Entries taken from a collection:
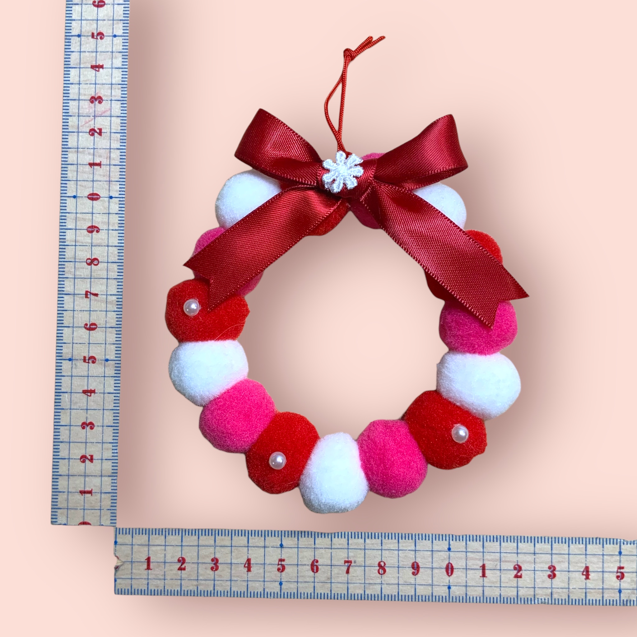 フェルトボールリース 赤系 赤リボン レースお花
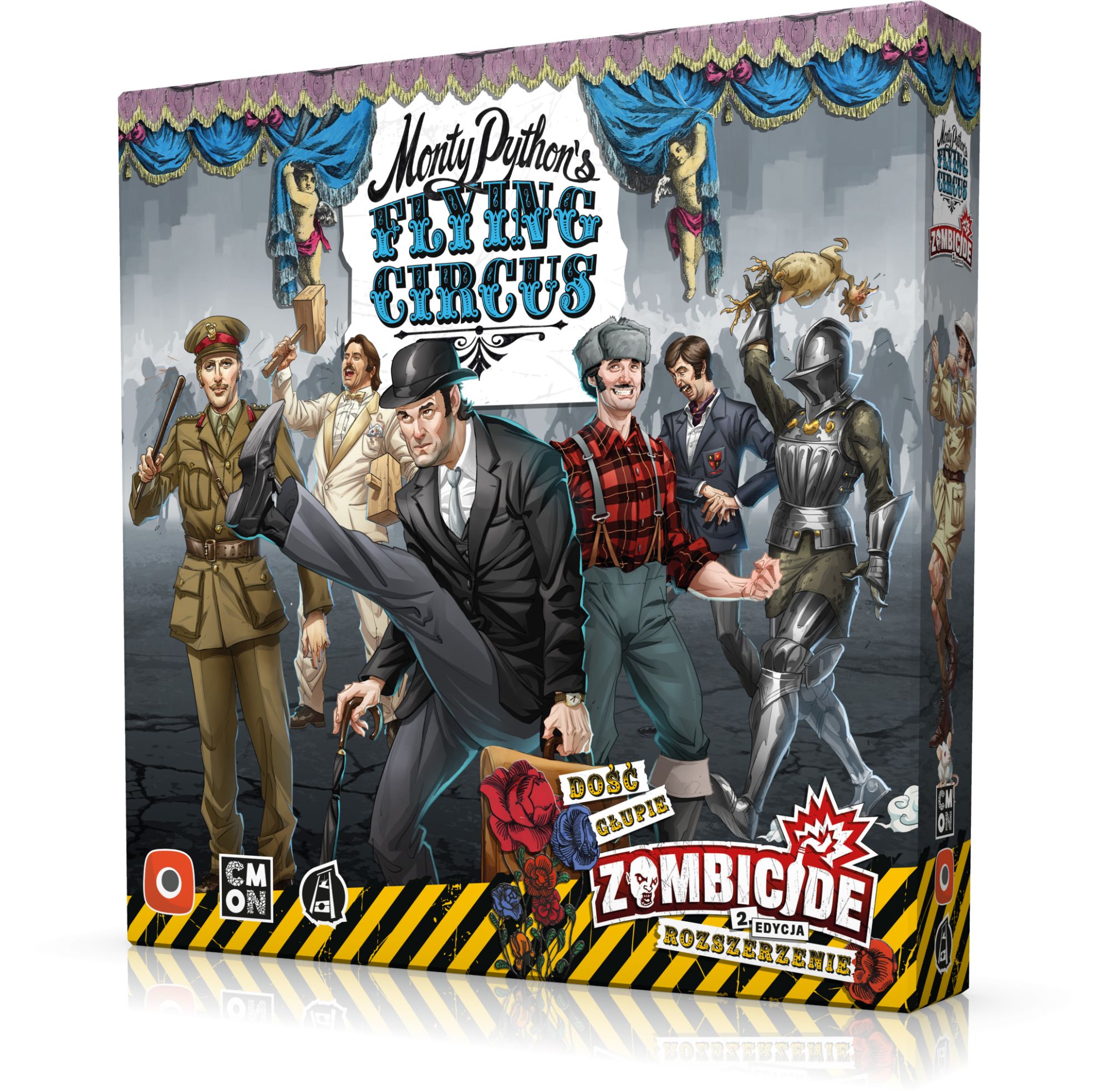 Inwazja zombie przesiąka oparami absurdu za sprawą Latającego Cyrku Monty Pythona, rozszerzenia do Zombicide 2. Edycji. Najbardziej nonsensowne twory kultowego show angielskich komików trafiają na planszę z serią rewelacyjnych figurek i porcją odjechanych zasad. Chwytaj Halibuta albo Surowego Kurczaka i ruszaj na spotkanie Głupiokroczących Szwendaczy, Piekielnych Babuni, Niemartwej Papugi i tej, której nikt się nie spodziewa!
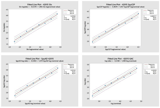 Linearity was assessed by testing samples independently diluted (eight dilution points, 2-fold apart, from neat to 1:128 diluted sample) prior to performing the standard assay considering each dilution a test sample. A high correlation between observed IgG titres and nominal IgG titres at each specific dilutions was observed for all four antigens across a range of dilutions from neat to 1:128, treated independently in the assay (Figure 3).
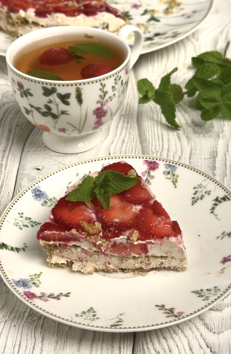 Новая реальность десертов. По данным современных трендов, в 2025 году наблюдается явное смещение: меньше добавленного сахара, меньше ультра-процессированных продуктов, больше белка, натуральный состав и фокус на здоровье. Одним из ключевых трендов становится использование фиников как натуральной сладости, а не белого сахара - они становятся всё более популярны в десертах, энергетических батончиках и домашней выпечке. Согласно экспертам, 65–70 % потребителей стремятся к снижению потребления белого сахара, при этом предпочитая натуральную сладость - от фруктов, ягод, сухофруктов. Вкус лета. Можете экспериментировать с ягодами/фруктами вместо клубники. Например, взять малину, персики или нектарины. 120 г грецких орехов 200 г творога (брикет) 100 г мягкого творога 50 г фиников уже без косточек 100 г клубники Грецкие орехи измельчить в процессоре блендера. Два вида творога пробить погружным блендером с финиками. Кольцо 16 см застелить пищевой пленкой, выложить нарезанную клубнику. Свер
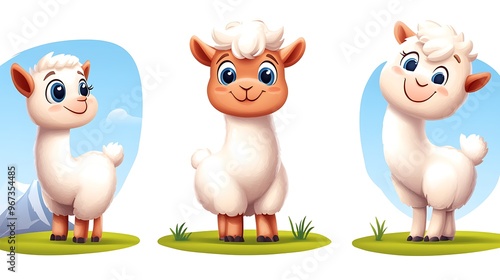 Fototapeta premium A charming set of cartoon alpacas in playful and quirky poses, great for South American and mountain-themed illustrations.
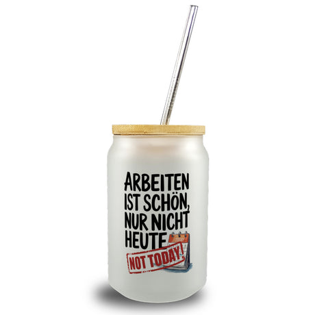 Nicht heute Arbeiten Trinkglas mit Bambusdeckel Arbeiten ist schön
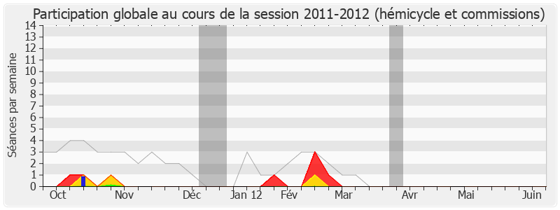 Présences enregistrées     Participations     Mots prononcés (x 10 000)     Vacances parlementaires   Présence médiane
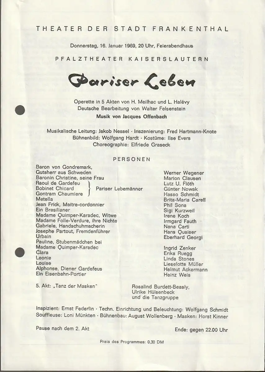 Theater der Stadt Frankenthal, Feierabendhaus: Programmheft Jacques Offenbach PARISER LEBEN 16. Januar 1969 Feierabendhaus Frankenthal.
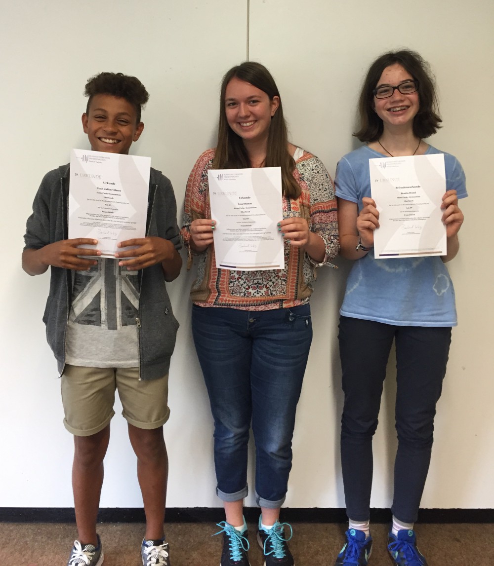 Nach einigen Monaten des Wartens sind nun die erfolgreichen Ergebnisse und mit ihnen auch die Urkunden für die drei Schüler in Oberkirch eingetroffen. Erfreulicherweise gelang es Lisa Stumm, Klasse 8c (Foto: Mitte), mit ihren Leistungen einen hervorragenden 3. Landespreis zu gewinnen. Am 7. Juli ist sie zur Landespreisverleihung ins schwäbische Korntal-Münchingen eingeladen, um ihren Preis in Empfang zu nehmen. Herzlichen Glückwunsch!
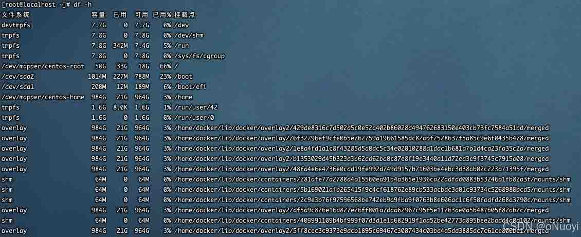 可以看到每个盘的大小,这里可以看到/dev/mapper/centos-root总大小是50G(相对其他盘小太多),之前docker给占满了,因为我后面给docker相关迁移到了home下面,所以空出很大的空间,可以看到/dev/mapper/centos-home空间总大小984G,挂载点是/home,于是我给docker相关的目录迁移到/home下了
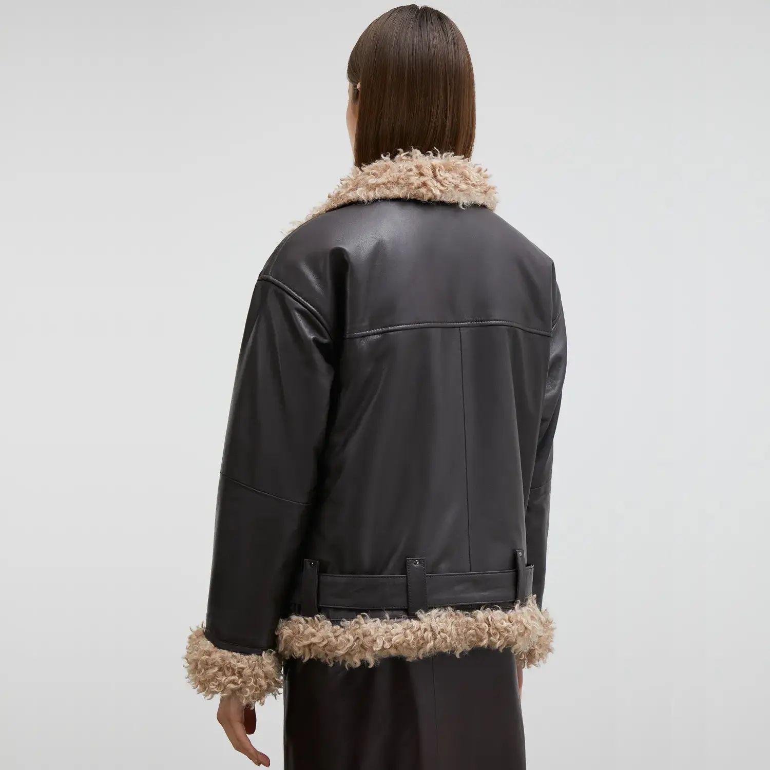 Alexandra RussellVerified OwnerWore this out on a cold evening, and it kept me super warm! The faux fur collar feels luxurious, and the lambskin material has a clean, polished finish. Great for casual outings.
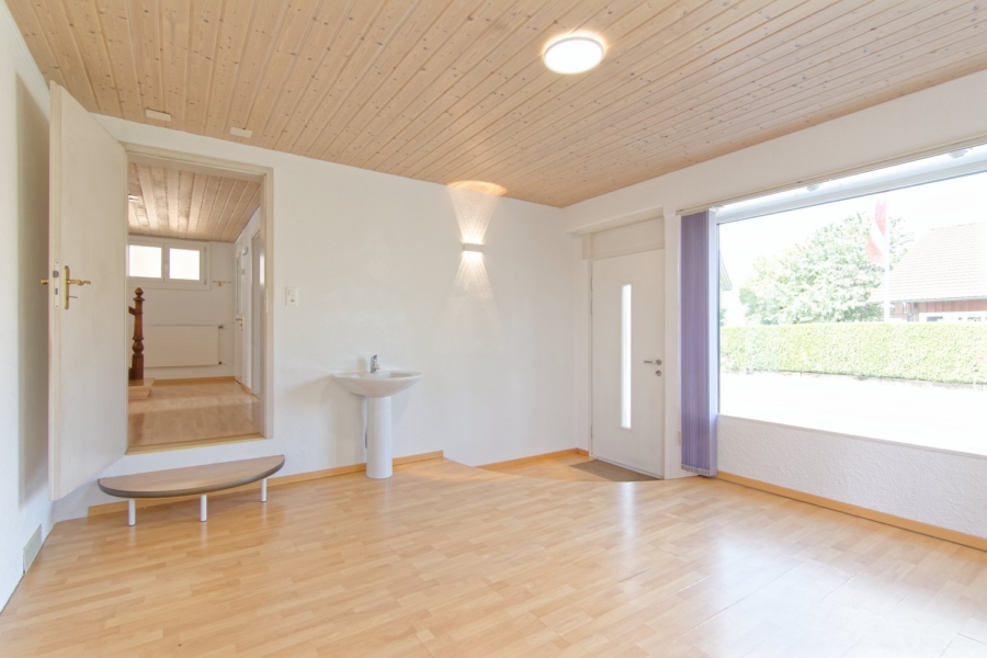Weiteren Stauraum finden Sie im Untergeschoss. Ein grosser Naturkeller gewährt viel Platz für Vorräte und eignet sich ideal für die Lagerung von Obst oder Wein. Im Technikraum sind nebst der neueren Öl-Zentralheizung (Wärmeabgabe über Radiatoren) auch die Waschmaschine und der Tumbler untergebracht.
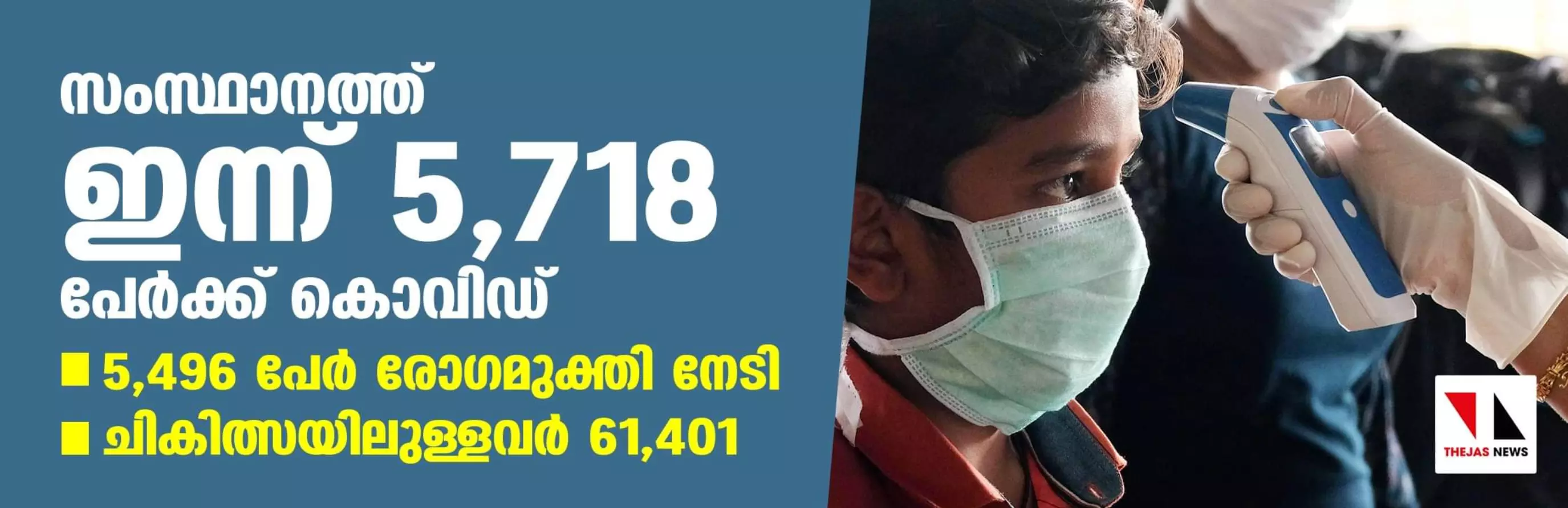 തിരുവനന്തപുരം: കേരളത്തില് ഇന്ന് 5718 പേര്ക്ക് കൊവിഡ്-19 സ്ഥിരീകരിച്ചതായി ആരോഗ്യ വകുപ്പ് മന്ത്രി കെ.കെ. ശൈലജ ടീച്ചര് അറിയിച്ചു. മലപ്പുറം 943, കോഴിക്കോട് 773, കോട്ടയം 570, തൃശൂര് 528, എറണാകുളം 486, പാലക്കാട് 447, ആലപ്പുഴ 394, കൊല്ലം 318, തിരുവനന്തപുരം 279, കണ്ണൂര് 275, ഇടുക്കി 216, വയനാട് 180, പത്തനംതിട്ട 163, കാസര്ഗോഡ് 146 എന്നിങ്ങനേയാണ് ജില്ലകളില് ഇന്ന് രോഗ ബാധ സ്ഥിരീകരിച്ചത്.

Problem statement: Retype the data word for word and keep the pictures out of it.

Expected output:
 フェルトボールリース 赤系 赤リボン レースお花
 Inwazja zombie przesiąka oparami absurdu za sprawą Latającego Cyrku Monty Pythona, rozszerzenia do Zombicide 2. Edycji. Najbardziej nonsensowne twory kultowego show angielskich komików trafiają na planszę z serią rewelacyjnych figurek i porcją odjechanych zasad. Chwytaj Halibuta albo Surowego Kurczaka i ruszaj na spotkanie Głupiokroczących Szwendaczy, Piekielnych Babuni, Niemartwej Papugi i tej, której nikt się nie spodziewa!
 Linearity was assessed by testing samples independently diluted (eight dilution points, 2-fold apart, from neat to 1:128 diluted sample) prior to performing the standard assay considering each dilution a test sample. A high correlation between observed IgG titres and nominal IgG titres at each specific dilutions was observed for all four antigens across a range of dilutions from neat to 1:128, treated independently in the assay (Figure 3).
 Новая реальность десертов. По данным современных трендов, в 2025 году наблюдается явное смещение: меньше добавленного сахара, меньше ультра-процессированных продуктов, больше белка, натуральный состав и фокус на здоровье. Одним из ключевых трендов становится использование фиников как натуральной сладости, а не белого сахара - они становятся всё более популярны в десертах, энергетических батончиках и домашней выпечке. Согласно экспертам, 65–70 % потребителей стремятся к снижению потребления белого сахара, при этом предпочитая натуральную сладость - от фруктов, ягод, сухофруктов. Вкус лета. Можете экспериментировать с ягодами/фруктами вместо клубники. Например, взять малину, персики или нектарины. 120 г грецких орехов 200 г творога (брикет) 100 г мягкого творога 50 г фиников уже без косточек 100 г клубники Грецкие орехи измельчить в процессоре блендера. Два вида творога пробить погружным блендером с финиками. Кольцо 16 см застелить пищевой пленкой, выложить нарезанную клубнику. Свер
 Fototapeta premium A charming set of cartoon alpacas in playful and quirky poses, great for South American and mountain-themed illustrations.
 Nicht heute Arbeiten Trinkglas mit Bambusdeckel Arbeiten ist schön
 Présences enregistrées     Participations     Mots prononcés (x 10 000)     Vacances parlementaires   Présence médiane
 Theater der Stadt Frankenthal, Feierabendhaus: Programmheft Jacques Offenbach PARISER LEBEN 16. Januar 1969 Feierabendhaus Frankenthal.
 Nach einigen Monaten des Wartens sind nun die erfolgreichen Ergebnisse und mit ihnen auch die Urkunden für die drei Schüler in Oberkirch eingetroffen. Erfreulicherweise gelang es Lisa Stumm, Klasse 8c (Foto: Mitte), mit ihren Leistungen einen hervorragenden 3. Landespreis zu gewinnen. Am 7. Juli ist sie zur Landespreisverleihung ins schwäbische Korntal-Münchingen eingeladen, um ihren Preis in Empfang zu nehmen. Herzlichen Glückwunsch!
 可以看到每个盘的大小,这里可以看到/dev/mapper/centos-root总大小是50G(相对其他盘小太多),之前docker给占满了,因为我后面给docker相关迁移到了home下面,所以空出很大的空间,可以看到/dev/mapper/centos-home空间总大小984G,挂载点是/home,于是我给docker相关的目录迁移到/home下了
 Alexandra RussellVerified OwnerWore this out on a cold evening, and it kept me super warm! The faux fur collar feels luxurious, and the lambskin material has a clean, polished finish. Great for casual outings.
Weiteren Stauraum finden Sie im Untergeschoss. Ein grosser Naturkeller gewährt viel Platz für Vorräte und eignet sich ideal für die Lagerung von Obst oder Wein. Im Technikraum sind nebst der neueren Öl-Zentralheizung (Wärmeabgabe über Radiatoren) auch die Waschmaschine und der Tumbler untergebracht.
 തിരുവനന്തപുരം: കേരളത്തില് ഇന്ന് 5718 പേര്ക്ക് കൊവിഡ്-19 സ്ഥിരീകരിച്ചതായി ആരോഗ്യ വകുപ്പ് മന്ത്രി കെ.കെ. ശൈലജ ടീച്ചര് അറിയിച്ചു. മലപ്പുറം 943, കോഴിക്കോട് 773, കോട്ടയം 570, തൃശൂര് 528, എറണാകുളം 486, പാലക്കാട് 447, ആലപ്പുഴ 394, കൊല്ലം 318, തിരുവനന്തപുരം 279, കണ്ണൂര് 275, ഇടുക്കി 216, വയനാട് 180, പത്തനംതിട്ട 163, കാസര്ഗോഡ് 146 എന്നിങ്ങനേയാണ് ജില്ലകളില് ഇന്ന് രോഗ ബാധ സ്ഥിരീകരിച്ചത്.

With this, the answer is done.